The Josephina (Jozefina (Note: /hr/) or Jozefinska cesta; (Note: /hr/) Josefiner Straße) (Note: /de/) is a historic road in Croatia that connects Senj and thus the Adriatic coast and Karlovac and the Pannonian plain. It crosses the Dinaric Alps via the Vratnik pass (700 m above sea level) between Senj and Brinje and the Kapela Pass between Brinje and Josipdol.

Vratnik pass, currently a part of the D23 road, was already in use during Roman time as a salt road, and it became important for timber and other goods in the Middle Ages. However, the first well documented road built along the route was Via Josephina named after Joseph II, Holy Roman Emperor who commissioned its construction in 1775. Latin inscriptions carved in rock along the original Via Josephina route completed in 1779 testify that the Emperor travelled through the Vratnik pass on horseback when he realized that the route between Senj, as a major fortress on Adriatic coast, and the hinterland was nearly impassable. Legend has it that this happened when he fell from his horse near Vratnik Pass. Even though the incident is impossible to verify, the town of Josipdol to the east of the mountain pass is named after the Holy Roman Emperor.

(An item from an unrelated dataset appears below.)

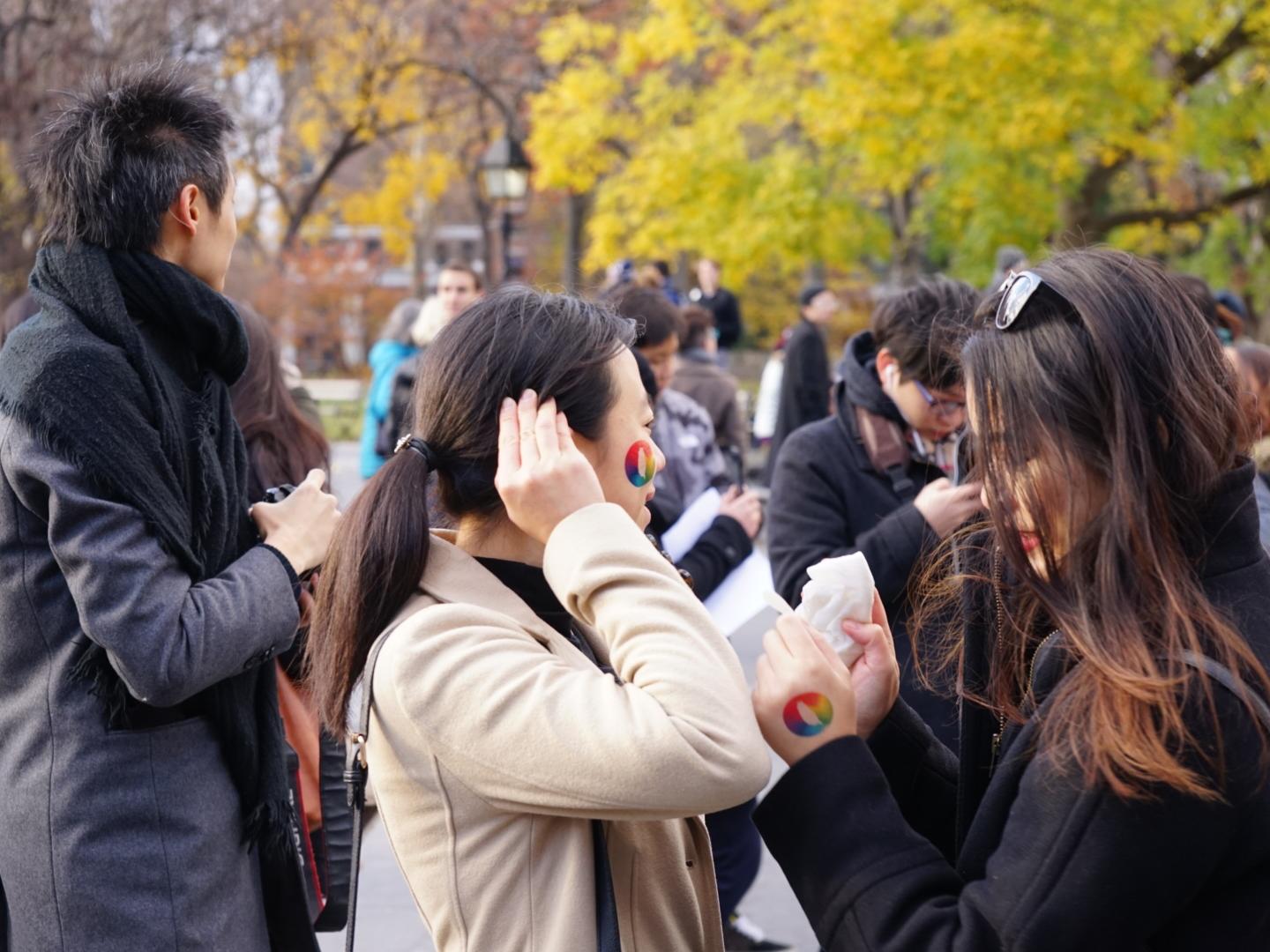 有台灣形狀的彩虹紋身貼紙十分搶手!這項「海外台灣人支持修正民法,力挺婚姻平權」全球串連聲援活動12月2日從華盛頓DC開跑,目前共有六個國家,二十二個城市參與,直到12月10號「世界人權日」為止,讓在台灣支持修正民法的人聽到海外支持的聲音。 -

In 1775, Joseph II indeed commissioned construction of the route, exactly 100 km long, from Vincenc Struppi, a military engineer, and the road, named after the Emperor, was completed in 1779. The original route comprised very steep sections and 20% inclines were not uncommon. There was even one climb at a 30% grade. Because of this the road was modified and extended by 15 km, in order to remove such steep sections. The first reconstruction was carried out as early as late 18th century, and another one between 1833 and 1845 managed by Field Marshal Josip Filip Vukasović and Josip Kajetan Knežić respectively. Subsequent modifications were not as significant. The road was paved in 1950, when the last minor modifications of the route were executed.

The route was distinguished by mile markers along the route, an obelisk in Karlovac marking the beginning of the road and a specially built gate in Senj marking its end. Most remarkably the original road included a stone bridge across three spans in Tounj, which was expanded during the reconstruction of 1845 and now has two levels. The upper level was destroyed during World War II, but it was rebuilt in the 1950s.